You Have to Burn the Rope is a platform game for Adobe Flash developed by Swedish designer Kian Bashiri under the moniker "Mazapán". The game was a finalist for the Innovation Award at the 2009 Independent Games Festival. and received a considerable amount of "Internet buzz" for its humorous gameplay at the time of its release. You Have to Burn the Rope is a brief parody of excessive hand-holding in AAA video games, in which destroying the titular rope is the only way to win and the player is told that fact in advance.

==Gameplay==
You Have to Burn the Rope is a platform game in which the player must guide a character through a comically short level in which the very simple winning conditions of the game are humorously summarized as text on the walls.

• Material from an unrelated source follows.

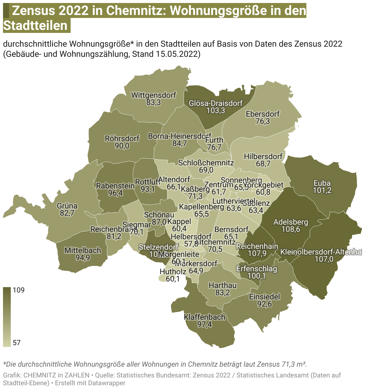 durchschnittliche Wohnungsgröße* in den Stadtteilen auf Basis von Daten des Zensus 2022 (Gebäude- und Wohnungszählung, Stand 15.05.2022)
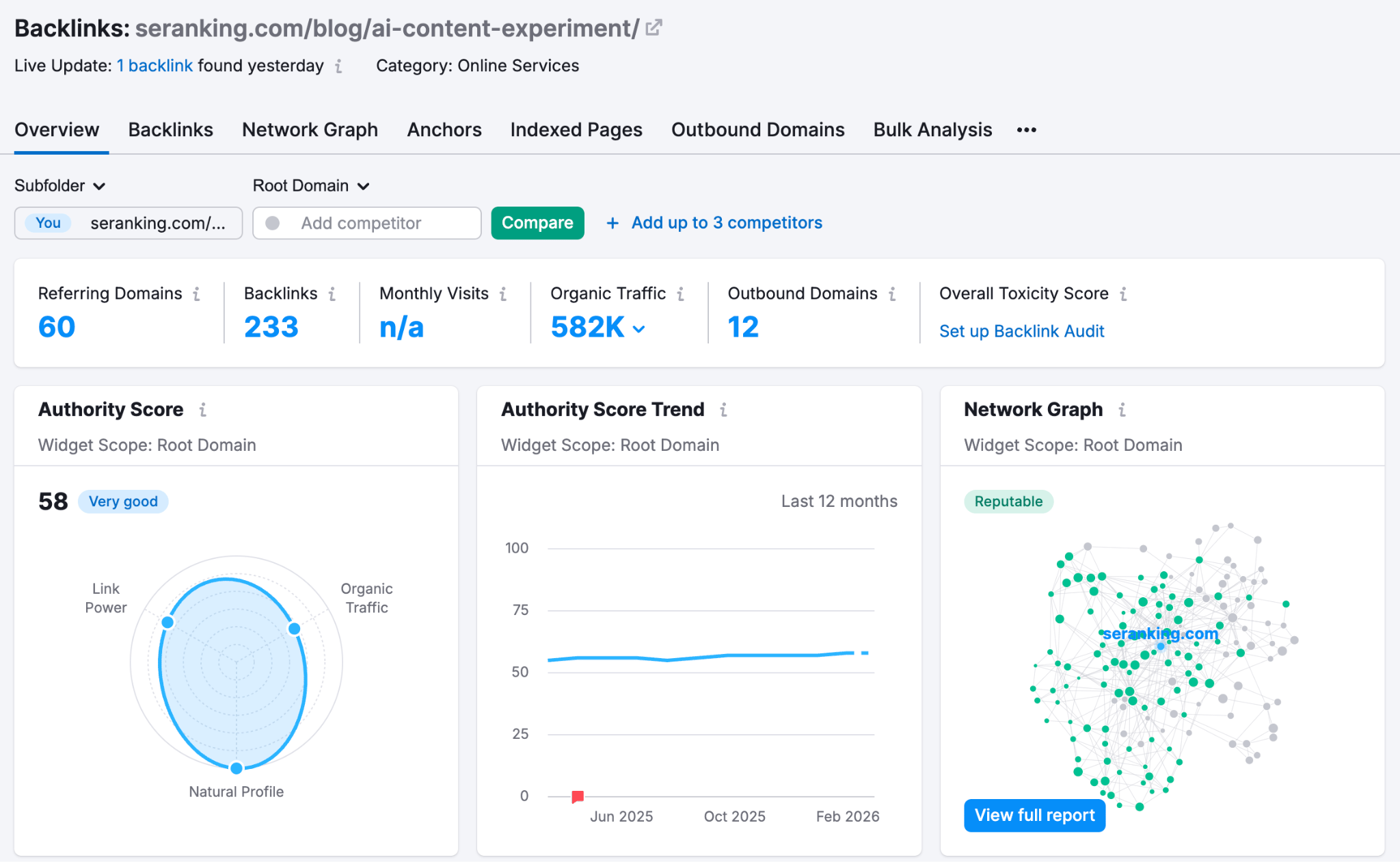 And this matters for SEO specifically because original research attracts backlinks. When you publish proprietary data, other blogs, journalists, and industry publications cite it. The SE Ranking AI content experiment, for instance, has garnered 233 backlinks from sites like Search Engine Land, Rank Tracker, and Foundation Marketing.

At the end of the level, an enormous "Grinning Colossus" awaits the player, shooting him with lasers coming out of his eyes, though they don't kill the player, only temporarily incapacitate them. To beat the Colossus, the player must touch one of the torches on the wall and use it to burn the rope attaching a chandelier to the ceiling, dropping it on the Colossus' head. The character can throw axes which lower the Grinning Colossus' health bar. However, the health bar regenerates too fast for the player to drain it completely.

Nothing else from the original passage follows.